The ground floor of described convolutional layer, the second layer, layer 5 are normalization layer, and for maintaining the invariance, all normalization layers all use maximum pool technology; In all convolutional layers and full articulamentum, all use Serial regulation unit as nonlinear activation function;

In convolutional neural networks used, all input picture size unifications are 256 × 256 sizes; Next, respectively the first two convolution filter is set to 7 × 7 and 5 × 5, step-length is 2, uses this type filter to be for obtaining all band informations, uses little step-length to be produce next layer network influential " dead feature " for avoiding; Then, connect latter three layers of convolutional layer successively, and arrange wave filter size 3 × 3, step-length is 1; Finally, the Output Size of each full articulamentum is 4096, in the pre-training stage, the dropout rate of complete for the first two articulamentum is set to 0.6.

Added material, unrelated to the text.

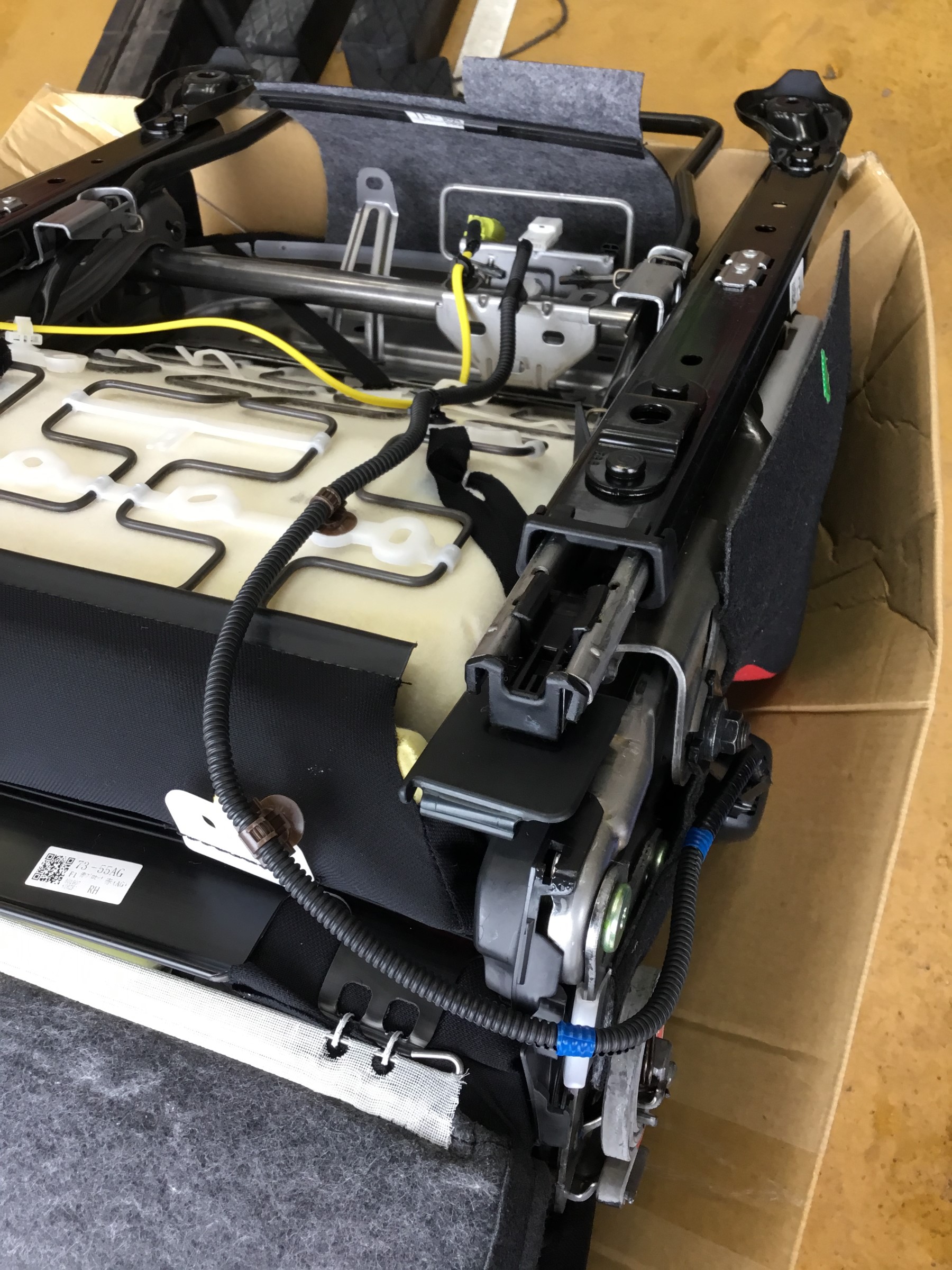 本来はシートとシートレールを組み付けてから取付していきますがリクライニング出来ないシートなので、装着時の傷防止の為、車内で組付けます。

3. according to claim 1 based on the image labeling method that the multi-modal degree of depth learns, it is characterized in that, the back-propagation algorithm in described method step 2 comprises:

1. single mode pre-training:

Utilize the pre-training of carrying out convolutional neural networks without mark training set, realize the intermediate representation of image object, the network of initialization simultaneously, comprising: first, utilizes contrast difference, the node weights W1 between training input layer and first volume lamination; Then, using the input of the conditional probability of first volume lamination node as volume Two lamination:

p(Γ|x ^j)＝S(W ₁,x ^j)(1)

\{\begin{matrix} S (W_{1}, x^{j}) = \frac{W_{1}^{T} x^{j}}{| | W_{1} | | | | x^{j} | |} & Co \sin e Function \\ S (W_{1}, x^{j}) = W_{1}^{T} x^{j} & Linear Function \\ S (W_{1}, x^{j}) = e^{- \frac{{| | W_{1} - x^{j} | |}^{2}}{2 σ}} & RBF Function \end{matrix} - - - (2)

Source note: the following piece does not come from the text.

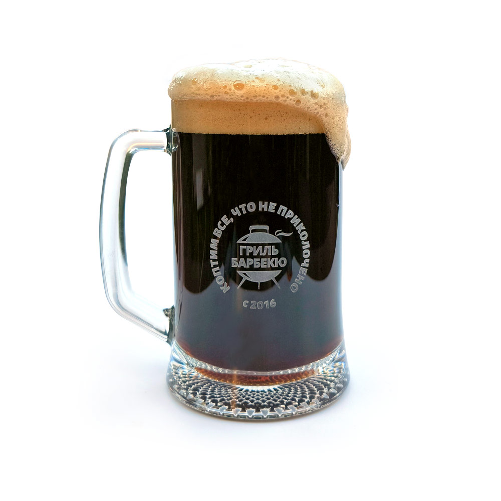Удобная большая кружка для пенного, с гравировкой логотипа. Потому что «какое же барбекю без жидкого хлеба»? Правильный ответ: не каждое.

2. the single mode fine setting stage:

In the single mode fine setting stage, utilize backpropagation to mark error and optimize node weights, from pattern-recognition angle, the study of many marks can be considered multi-task learning; The overall mark error of convolutional neural networks can be considered the summation of each mark error, with l mark error description node optimization process, comprising:

p_{jl} = \frac{\exp (p (Γ_{l} | x^{j}))}{Σ_{k = 1}^{L} p (Γ_{k} | x^{j})} - - - (3)

Wherein L represents mark quantity;

Then, the KL difference between prediction probability and reference probability is minimized; Assuming that every width image has multiple mark, with vector representation y ∈ R ₁× c, wherein y _l=1 represents that the mark of image x is concentrated containing this l mark, and y _l=0 represents that the mark of image x is concentrated not containing this l mark; If q _ilrepresent image x _iand the probability between mark l, then by the error that this l mark correctly distributes to image be:

J_{l} = - Σ_{i = 1}^{M} Σ_{l = 1}^{L} q_{il} \log (p_{il}) - Σ_{i = 1}^{M} Σ_{l = 1}^{L} (1 - q_{il}) \log (1 - p_{il}) - - - (4)

The distribution error of all marks is:

J = Σ_{l = 1}^{L} J_{l} - - - (5)

4. according to claim 1 based on the image labeling method that the multi-modal degree of depth learns, it is characterized in that, the power gradient algorithm of the on-line study of described method step 3 optimizes the weight process between different modalities, comprising:

For multi-modal degree of depth network, another vital task is the best of breed weight α=(α of multi-modal of study ₁, α ₂..., α _n..., α _n), wherein by α _nbe initially set to 1/N; Adopt the power gradient algorithm of on-line study to optimize multi-modal weight combination, comprising:

α_{t + 1} = \underset{α}{\arg \min} KL (α | α_{t}) + μ h_{t} (α) - - - (6)

\{\begin{matrix} D_{KL} (u | v) = Σ_{i} u_{i} \ln (\frac{u_{i}}{v_{i}}) \\ h_{t} (α) = \max (0, ψ - α^{T} S_{t}) \end{matrix} - - - (7)

Wherein S _tfor:

S _t＝(S ₁(x,Γ ⁺)-S ₁(x,Γ ^-),...,S _N(x,Γ ⁺)-S _N(x,Γ ^-)) ^T(8)

Wherein mark Γ ⁺with Γ ^-more picture material can be reacted;

α_{t + 1} = \underset{α}{\arg \min} KL (α | α_{t}) + μ [h_{t} (α_{t}) + &dtri; h_{t} (α_{t}) (α - α_{t})] - - - (9)

5. according to claim 1 based on the image labeling method that the multi-modal degree of depth learns, it is characterized in that, described method is applied to convolutional neural networks.